HOUKJE C. SCHIPPERS*, MELODY O'CONNOR* and

MICHAEL R. JEFFERIES*,Orange, California and Minneapolis, Minnesota

Respiratory failure in the newborn is caused by: Respiratory Distress Syndrome (RDS), Meconium Aspiration Syndrome (MAS), Persistent Fetal Circulation (PFC), Congenital Diaphragmatic Hernia with PFC, or Streptococcal Pneumonitis. All of these disorders are potentially reversible, but high Fi0₂ and ventilator pressure necessary for treatment may add to existing pulmonary damage causing death or chronic bronchopulmonary dysplasia. Temporary life support with ECMO offers the advantages of gaining time, lowering Fi0₂ and pressure, and permitting unusual techniques of pulmonary management.

After extensive laboratory investigation, we have used ECMO in thirteen newborn infants who were moribund from respiratory failure. Indications and results include: RDS (3, 1 Survived), MAS (6, 3 S), PFC (1,1 S), PPC with CDH (2, 1 S), Streptococcal Pneumonitis (1). Venoarterial bypass at flow rates approaching total cardiac output was used for 1-8 days. Bleeding was not a major problem despite heparinization and thrombocytopenia. Patient's ductus arteriosus was ligated during ECMO in four cases. VA bypass permitted low Fi0₂ and pressure; lung function improved rapidly in ten cases. Pulmonary and neurologic function, growth and development are normal in the six survivors.

This study, which includes the first six successful cases, demonstrates that ECMO is a useful method in the treatment of newborn respiratory failure, and suggests that high Fi0₂ and barotrauma are major contributors to the pathogenesis of pulmonary damage.

24. Pneumothoraces in Children with Chronic Pulmonary Disease

SUSAN R. LUCK*, JOHN G. RAFFENSPERGER, HENRY J. SULLIVAN*

and LEWIS E. GIBSON*, Chicago, Illinois

Spontaneous pneumothorax is a frequent complication of chronic lung disease in children. In most instances closed thoracotomy tube drainage will rapidly re-expand the lung. However, prolonged drainage for continued air leak contributes to morbidity and increases mortality of the disease.

Pneumothoraces occurred in two percent of 140 children with cystic fibrosis over a five year period. An immediate ten to twenty percent mortality has been reported. These pneumothoraces are often under tension and further compromise limited respiratory reserve. Chest tube treatment interferes with postural drainage and further increases associated mortality because the child can't raise his copious secretions. Two patients were treated with bilateral thoracotomy, bleb resection, and mechanical pleurodesis. One boy recovered promptly despite severely compromised pulmonary function. Another child had continuous tube drainage for six weeks prior to thoracotomy. She died one week later with respiratory failure although her pneumothorax did not recur. We feel that a more prompt operation should be considered in this group of children. With a limited incision, intercostal nerve blocks, and vigorous tracheal toilet they tolerate an operation well.

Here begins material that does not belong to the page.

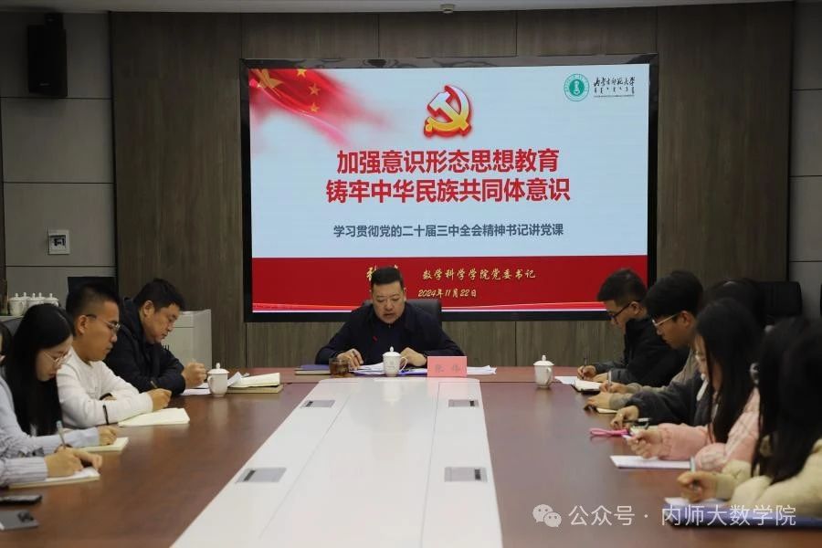 11月22日,英国威廉希尔唯一官网在学院楼c206会议室开展学习贯彻党的二十届三中全会精神书记讲党课活动暨学生干部工作培训会。学院党委书记张伟、党委副书记季建光出席会议,学院部分辅导员与学生干部参加会议。

One five year old child with histiocytocis X had bilateral pneumothoraces requiring tube drainage for eight weeks. He promptly recovered after bilateral thoracotomy, control of air leaks, and pleurodesis. A fourth child, a fourteen year old girl had tube drainage for three weeks. At operation she had typical apical blebs.

Open thorocotomy will yield good results even in patients with far advanced pulmonary disease. Postoperative complications and mortality are not increased over that seen without operation. Length of hospitalization and relative confinement is decreased.

*By invitation

25. Hypertension and the Renin-Angiotensin System Following Open-Heart Surgery

KENNETH M. TAYLOR*, IAN MORTON*, JOHOIDA J. BROWN*,

WILLIAM H. BAIN* and PHILIP K. CAVES*,

Glasgow, Scotland, U.K.

Sponsored by: NORMAN SHUMWAY, Stanford California

Systolic hypertension and peripheral vasoconstriction are frequently encountered for the first few hours after cardiopulmonary bypass (CPB). Their aetiology is poorly understood, although it has been suggested that the remn-angiotensin system may play an important role. Angiotensin II (AII) - the end product of stimulation of the renin-angiotensin system, is the most powerful naturally occurring vasopressor agent yet identified. We have, therefore, studied plasma AH levels in 10 patients during and after open-heart surgery.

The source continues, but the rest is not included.